### Abstract

#### Background

Any method that *de novo *predicts protein function should do better than random. More challenging, it also
ought to outperform simple homology-based inference.

#### Methods

Here, we describe a few methods that predict protein function exclusively through homology. Together, they set the bar or lower limit for future improvements.

#### Results and conclusions

During the development of these methods, we faced two surprises. Firstly, our most successful implementation for the baseline ranked very high at CAFA1. In fact, our best combination of homology-based methods fared only slightly worse than the top-of-the-line prediction method from the Jones group. Secondly, although the concept of homology-based inference is simple, this work revealed that the precise details of the implementation are crucial: not only did the methods span from top to bottom performers at CAFA, but also the reasons for these differences were unexpected. In this work, we also propose a new rigorous measure to compare predicted and experimental annotations. It puts more emphasis on the details of protein function than the other measures employed by CAFA and may best reflect the expectations of users. Clearly, the definition of proper goals remains one major objective for CAFA.

### Background

#### Our contribution to CAFA1

UniProt [1] holds over 22 million sequences (May 2012), but reliable and detailed experimental
annotations exist for fewer than 1% of these. GO, the Gene Ontology [2] has become the *gold standard *for function annotation and many methods have emerged that predict GO annotations
[3]. Due to various problems, it has been almost impossible to assess how well these
methods perform. CAFA (Critical Assessment of Function Annotations) has arisen to
address the challenges by a comprehensive independent comparison [4].
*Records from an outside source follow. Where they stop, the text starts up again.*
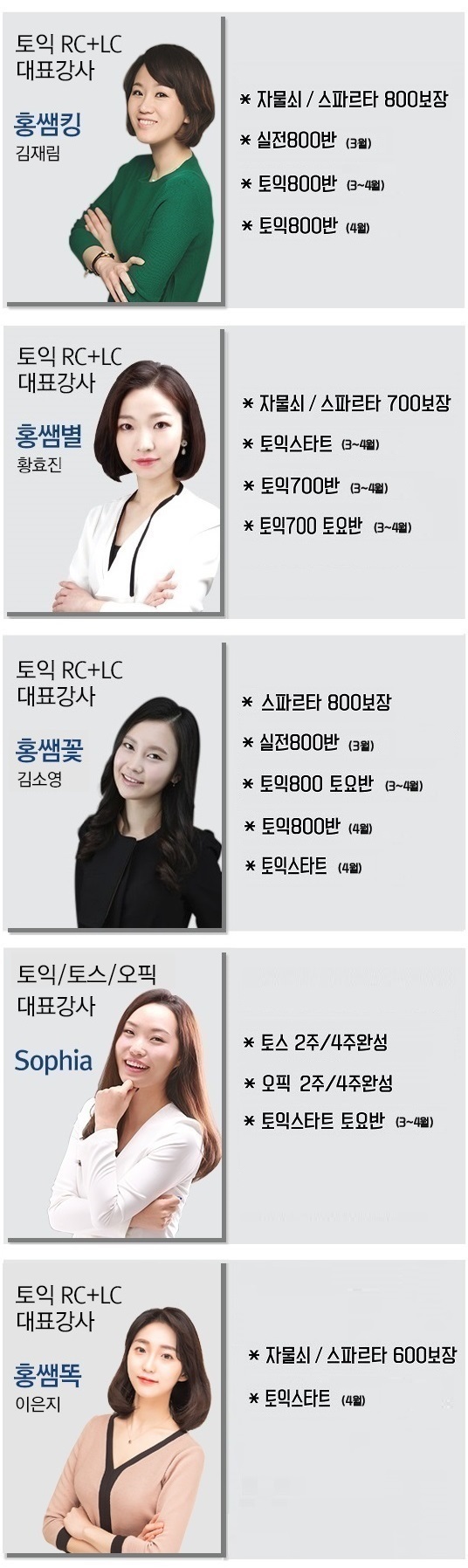 강사별 과목 안내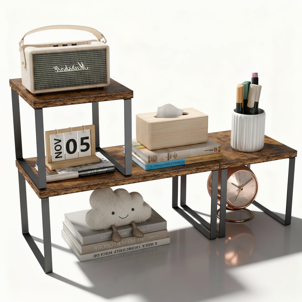- 【Multipurpose Organizer Shelf】Desktop organizer is suitable to be placed on the table in the living room, bedroom, kitchen, office. Can store potted plants, cosmetics, staplers, alarm clocks, decorations or other office supplies.
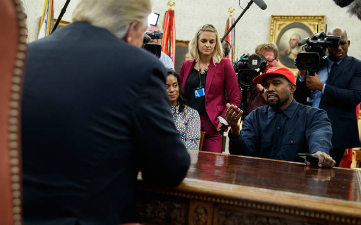 Ο πρόεδρος των ΗΠΑ υποδέχθηκε την Πέμπτη στο οβάλ γραφείο τον Κάνιε Γουέστ, με τον οποίο συζήτησε για όλα τα τρέχοντα θέματα, ενώ ο διάσημος ράπερ δεν δίστασε να αγκαλιάσει τον Αμερικανό πρόεδρο ενώ καθόταν στην προεδρική καρέκλα.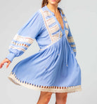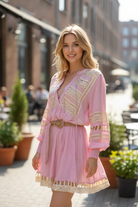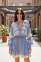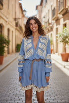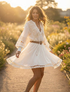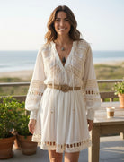 ✨ Les détails précieux – passementeries ajourées, manches smockées 🤍 et col V orné de cordons délicats 🎋 – insufflent à cette robe une allure bohème et féminine irrésistible.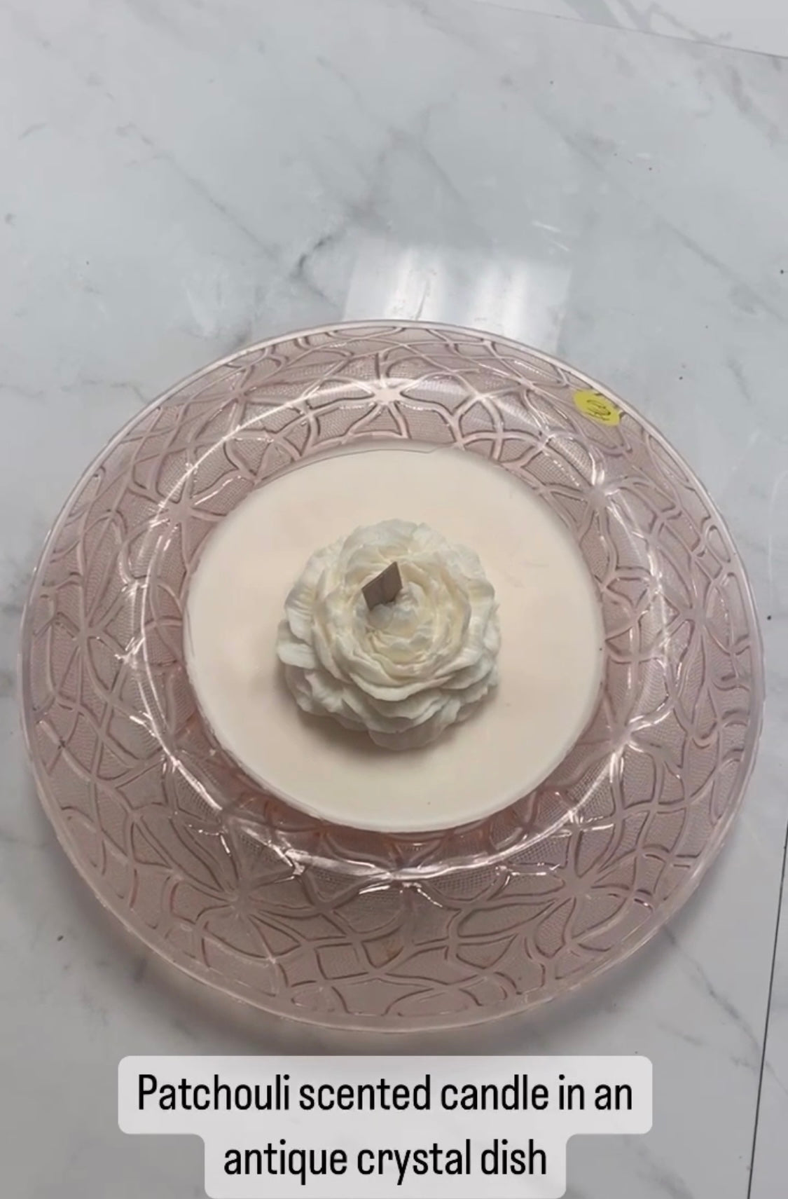 Antique Rose Crystal filled with soy wax, patchouli scented and wood wick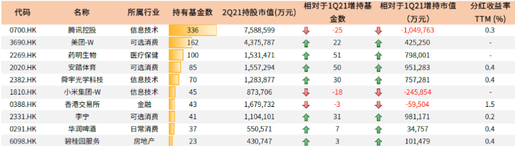 基金二季报显示,全市场共有1483只基金配置了港股市场,港股持仓总市值达到5836亿元。港股最受基金欢迎的公司依旧是腾讯和美团,分别有336和162只基金持股了腾讯和美团,持股市值分别达到758亿和437亿,港股基金中这两只股票也是配置的重点。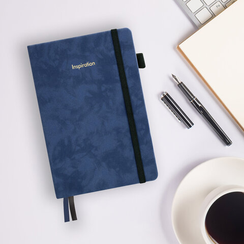 Ежедневник недатированный А5 138x213 мм, BRAUBERG "Velvet", резинка, держатель, 160 л., синий, 116243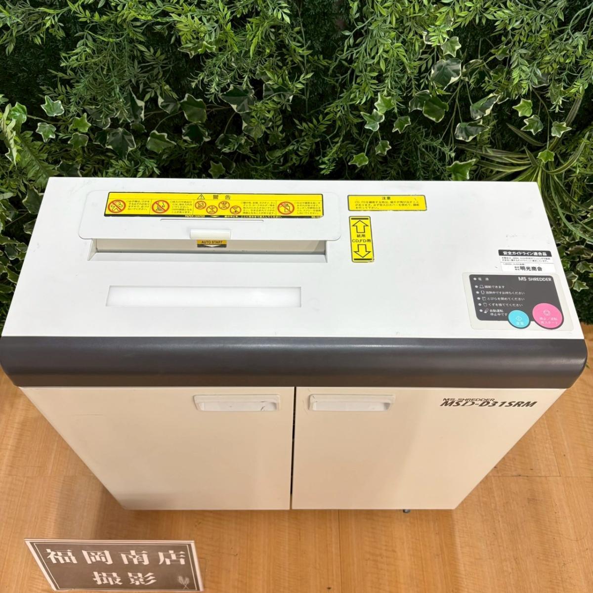 ★現物写真だから安心★2019年製/状態不良なし★ 明光商会製のシュレッダー【MSDシリーズ/MSD-D31SRM】が入荷しました! *良品を格安で!「オフィスバスターズ福岡南店」は、福岡を拠点として、全国へ中古オフィス用品・オフィス家具を提供しております。- 福岡南店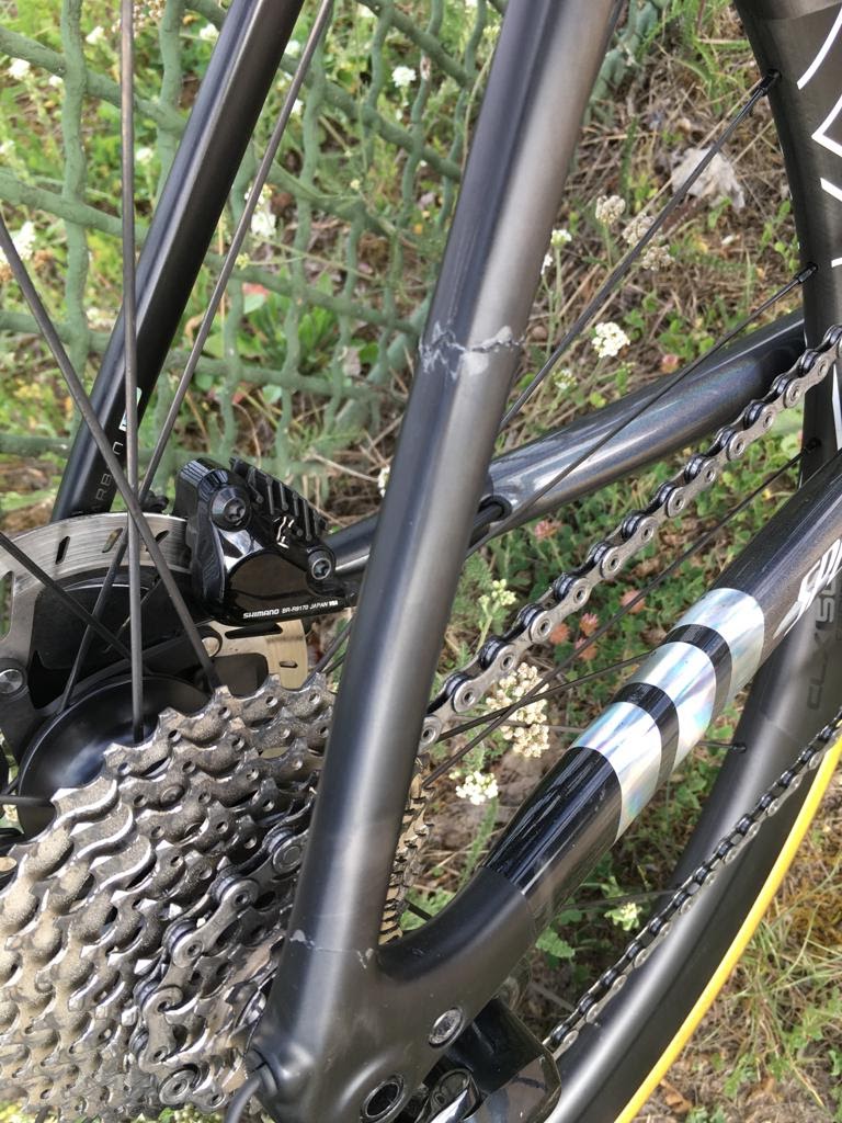 j'ai fait quelques dégâts lors d'une chute hier sur mon Tarmac SL6 (vieux de 2 mois seulement), voici quelques photos :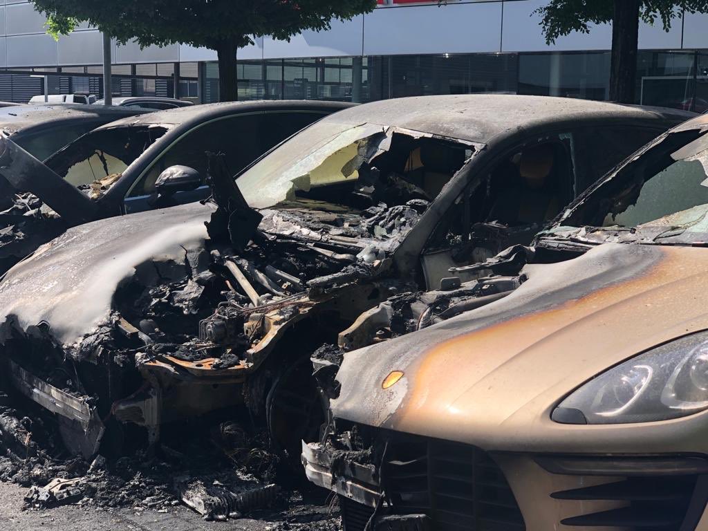 Auf dem Gelände eines Autohändlers in Köln sind in der Nacht zu Montag (17.06.2019) vier Porsches in Flammen aufgegangen. Die Polizei geht von Brandstiftung aus.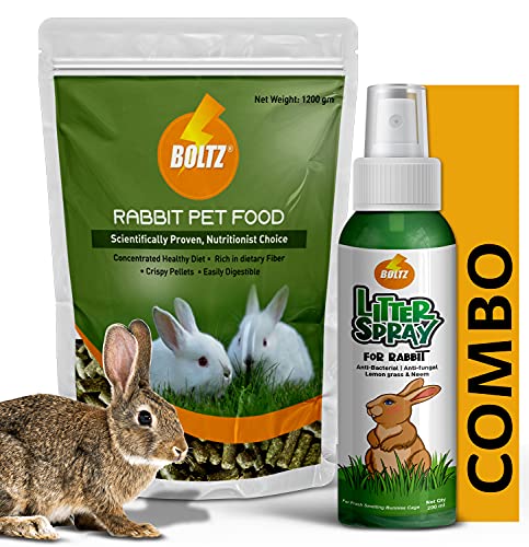 Specification: Boltz Premium Combo of Pellet for Rabbit, Small Animal Food & Litter Spray (1200Gm & 200Ml), Perfect Combination of Pet food and Smell Free Envernoment Rabbit Litter Spray(200ml) + Rabbit Food(1200Gm)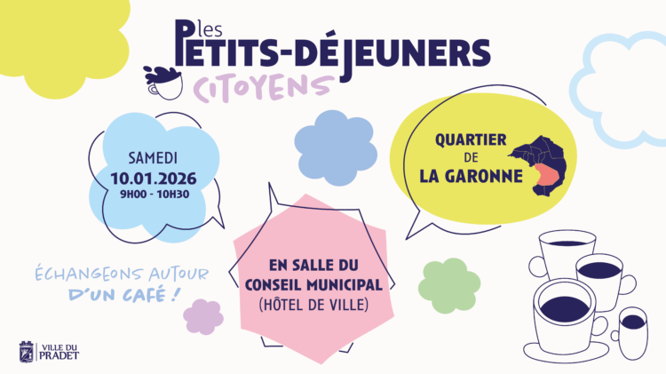 Le prochain petit-déjeuner citoyen aura lieu samedi 10 janvier à 9h en salle du conseil Municipal. Il concernera le quartier de La Garonne.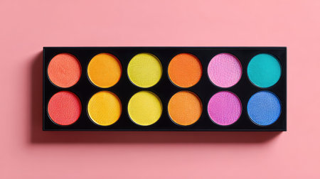 A colorful palette of round eye shadows featuring vibrant shades, perfect for makeup artists and beauty enthusiasts, set against a smooth pink backdrop for an elegant presentation.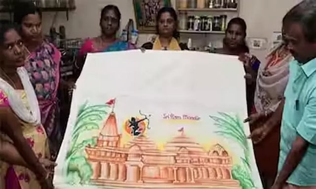 இந்த நிலையில்,இயற்கை நார் நெசவு குழுமம் 22-ம் தேதி நடைபெறவுள்ள ராமர் கோவில் கும்பாபிஷேகத்திற்கு, வாழை நாரில் புடவையை சீதாதேவிக்காக செய்து அனுப்ப திட்டமிட்டுள்ளனர். அதன்படி பத்து நாட்களாக இரவு, பகலாக நெய்து, ராமர் கோவில் வடிவமைப்புடன் கூடிய புடவையை தயார் செய்துள்ளனர்.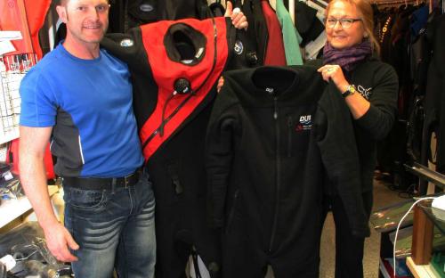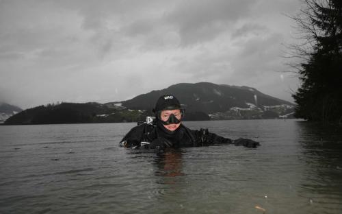 Pünktlich zu Weihnachten war es nun soweit, dass mein neuer DUI Trockentauchanzug geliefert wurde. Nach mehrmaligem testen, hatte ich mich für einen Neoprentrocki CF 200X mit allen Extras was DUI und BTS derzeit zu bieten haben entschieden. Wir machten uns gleich auf den Weg zum Händler unseres Vertrauens Tauchshop Krenn nach Bad Reichenhall um den Trocki abzuholen. Geplant war, vorher noch im Attersee einen Tauchgang zu machen, doch leider hatte Übernacht der Regen und die Schneeschmelze eine braune Brühe aus dem See gemacht. Da wir eine Ewigkeit schon nicht mehr im Mondsee getaucht waren, versuchten wir unser Glück dann noch dort und siehe da, bei der Harnischwand sah die Sicht ganz gut aus, so konnten wir doch noch einen schönen Tauchgang bei ca. 5 – 7 m Sicht machen. Voller Vorfreude ging`s anschließend weiter zu Zdenka und nach Anprobe stand fest, der Trocki sieht nicht nur toll aus, sonder passt auch perfekt. Vielen Dank hier an Zdenka für die gute und fachkundige Beratung.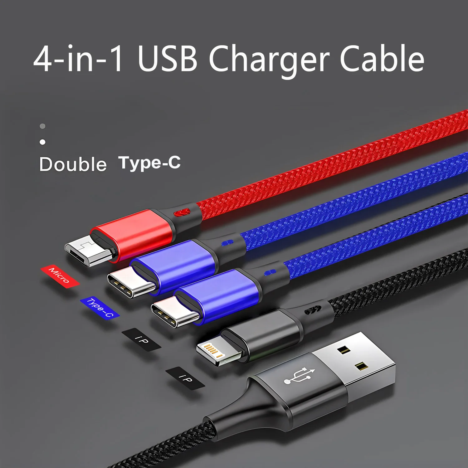 1.2m 4 In 1 USB Type C Fast Charging Cable For Iphone 15 14 Pro Max 3A Quick Charge Phone Data Line Cord For Xiaomi Huawe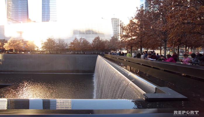 Памятник американо-израильского архитектора Майкла Арада, строительство которого было завершено в 2008 году, представляет собой два огромных бассейна, расположенных на месте фундаментов башен-близнецов и повторяют их контуры. По стенам фундаментов низвергаются водопады — символ скорби и нескончаемого потока слез по погибшим. По краям на мраморных плитах выгравированы бронзой имена всех жертв этих терактов.

CAFA also drove our work presented here. Three teams of students implemented three different methods predicting function through homology, i.e. through inference from experimental annotations of related proteins. All three groups began with the same description what to do, and that description was more comprehensive and detailed than many descriptions of methods in papers. Two of the three methods were surprisingly competitive in CAFA and outperformed other similar methods. This triggered the decision to enhance and combine these classifiers in one meta predictor. This post-CAFA method did NOT participate in CAFA. Would it have, it might have reached the top-10 ranks among all participants. Either way, it suggests several ways for the improvement of function prediction by homology, as demonstrated in this post-CAFA evaluation.

Additionally, we developed a new metric to compare predicted and actual GO annotations. It provides insight into how methods perform with respect to the prediction of the exact functions. This turns out to be largely neglected by existing measures.

#### Related work

Several advanced methods have appeared that also predict protein function through
homology-based inference. *ConFunc *[5] first assigns the proteins found via PSI-BLAST to groups so that all members of a
group share a particular GO term. Looking at the alignments in each group, the method
then identifies conserved functional residues, scores them and only outputs the groups
above a certain combined score. *GOSLING *[6] first derives various features of the terms found in the BLAST result (e.g. GO evidence
code, E-Value and bit score. Using many decision trees, the prediction is then flagged
as either correct or incorrect. *PFP *[7] follows an approach very similar to *GOtcha *[8], but also considers highly insignificant BLAST hits and co-occurrence between GO
terms. An extension of *GOtcha, ESG *[9], additionally differentiates between the hits found in different PSI-BLAST iterations.
*GOstruct *[10] takes the idea of co-occurrence to the next level and builds a sophisticated SVM
machinery around "structured output spaces". This refers to the extension of the input
space (E-Values, asf.) with all experimentally observed GO-subgraphs. *FANN-GO*[11] uses E-Values as inputs to neural networks. Methods based on data sources other than
similarity to already annotated proteins are described in a recent review [3].

### Methods

#### GO (Gene Ontology) for CAFA

GO has three parts: Molecular Function Ontology (MFO), Biological Process Ontology
(BPO) and Cellular Component Ontology (CCO). CAFA considered only the MFO and BPO.
Both correspond to two directed acyclic graphs and capture different aspects of protein
function. Functional keywords ("GO terms") are nodes and their relationships are labeled
edges. The ontology is hierarchical: following the edges from a node, each new term
corresponds to a more general concept of the original function. All paths converge
at the root node, which can simply be interpreted as, e.g., *has a molecular function*.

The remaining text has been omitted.